PROMPT: Please reproduce the listing verbatim, without its images.

DATA SHOWN:
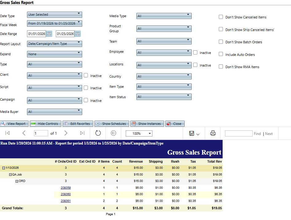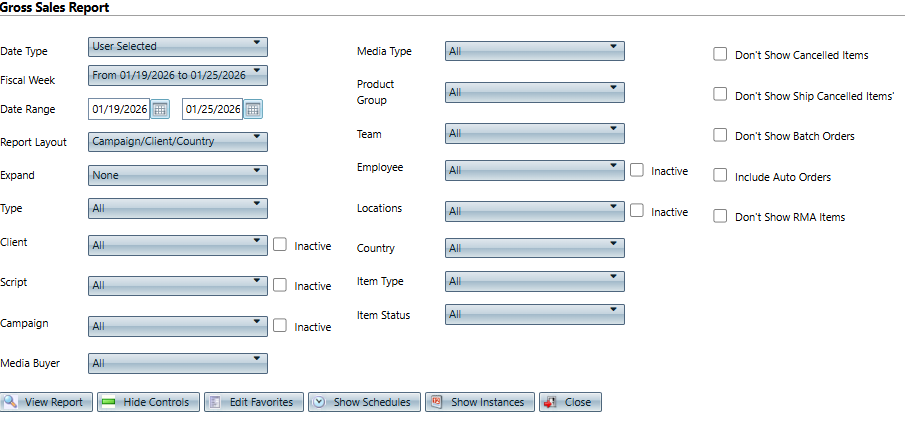 Don't Show RMA Items | - Checked - do not include debit items that have an RMA item attached to them (open or closed).
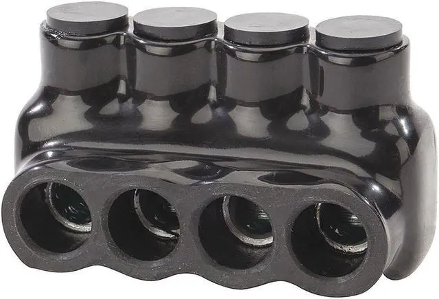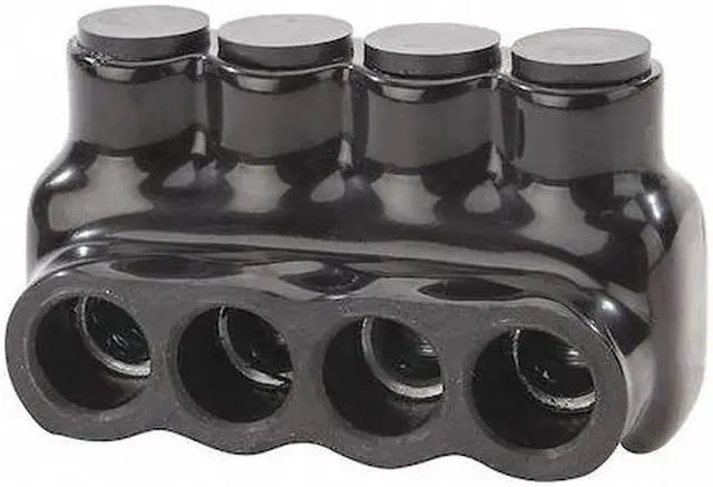 Multitap Connector, Body Material Aluminum, Color Black, Finish Plastisol, For Conductor Material Aluminum, Copper, For Stranded Copper Wire Size - Minimum 14 AWG, For Stranded Copper Wire Size - Maximum 1/0 AWG, Head Style Hex, Hex Size 3/16 in, Insulation Material Plastisol, Maximum Operating Temperature 194 Degrees F, Maximum Voltage 600 V, Number of Ports 4, UL 94 Flammability Rating Not Applicable, RoHS Compliant Yes, Standards cULus, UL 486B. This item has been restricted from sale in the following state (s): []
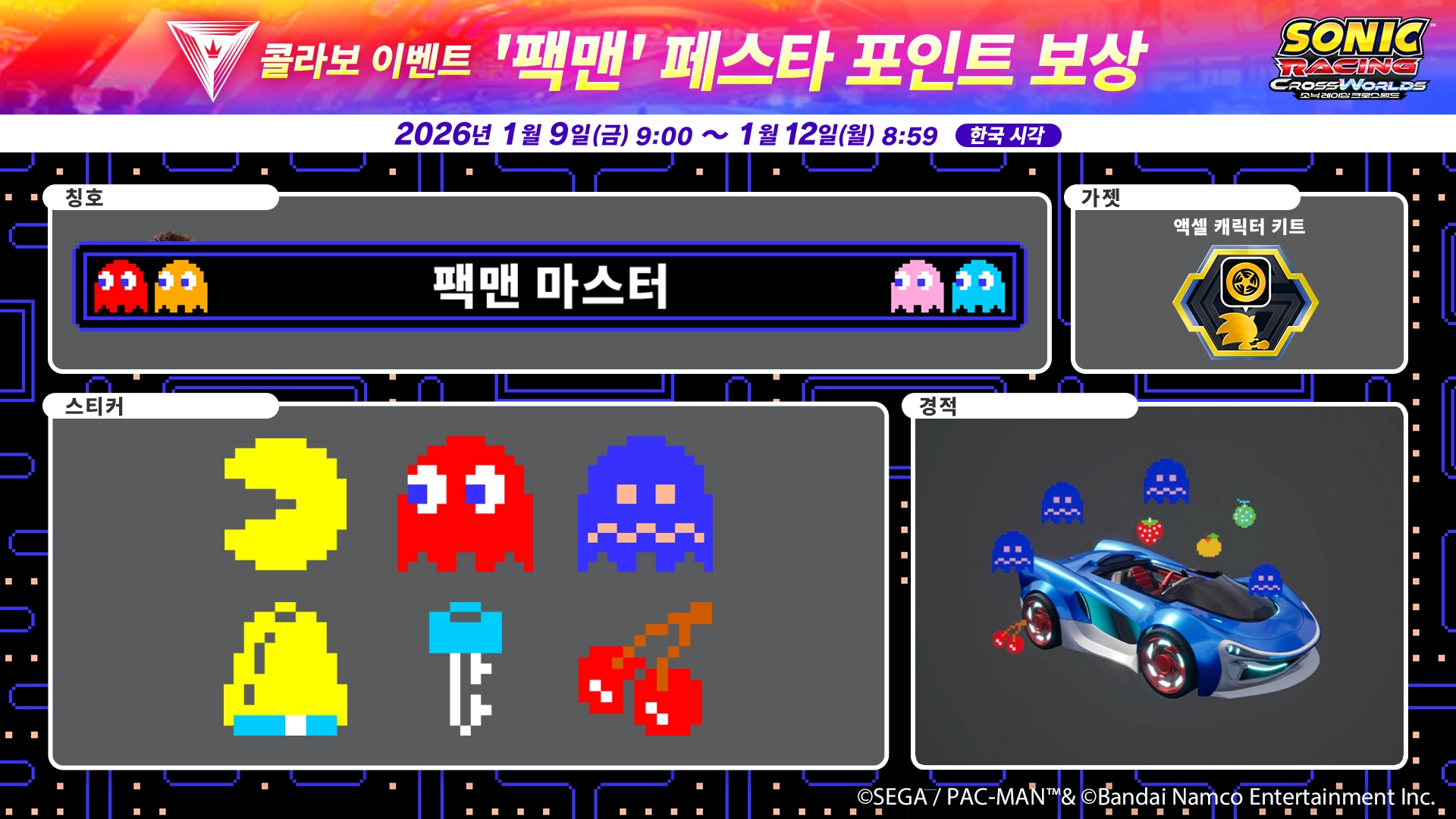 '팩맨', '블링키', '잉키', '핑키', '클라이드'가 소닉 레이싱 크로스월드에 참전!

WRITTEN SOLUTION:
 Don't Show RMA Items | - Checked - do not include debit items that have an RMA item attached to them (open or closed).
 Multitap Connector, Body Material Aluminum, Color Black, Finish Plastisol, For Conductor Material Aluminum, Copper, For Stranded Copper Wire Size - Minimum 14 AWG, For Stranded Copper Wire Size - Maximum 1/0 AWG, Head Style Hex, Hex Size 3/16 in, Insulation Material Plastisol, Maximum Operating Temperature 194 Degrees F, Maximum Voltage 600 V, Number of Ports 4, UL 94 Flammability Rating Not Applicable, RoHS Compliant Yes, Standards cULus, UL 486B. This item has been restricted from sale in the following state (s): []
 '팩맨', '블링키', '잉키', '핑키', '클라이드'가 소닉 레이싱 크로스월드에 참전!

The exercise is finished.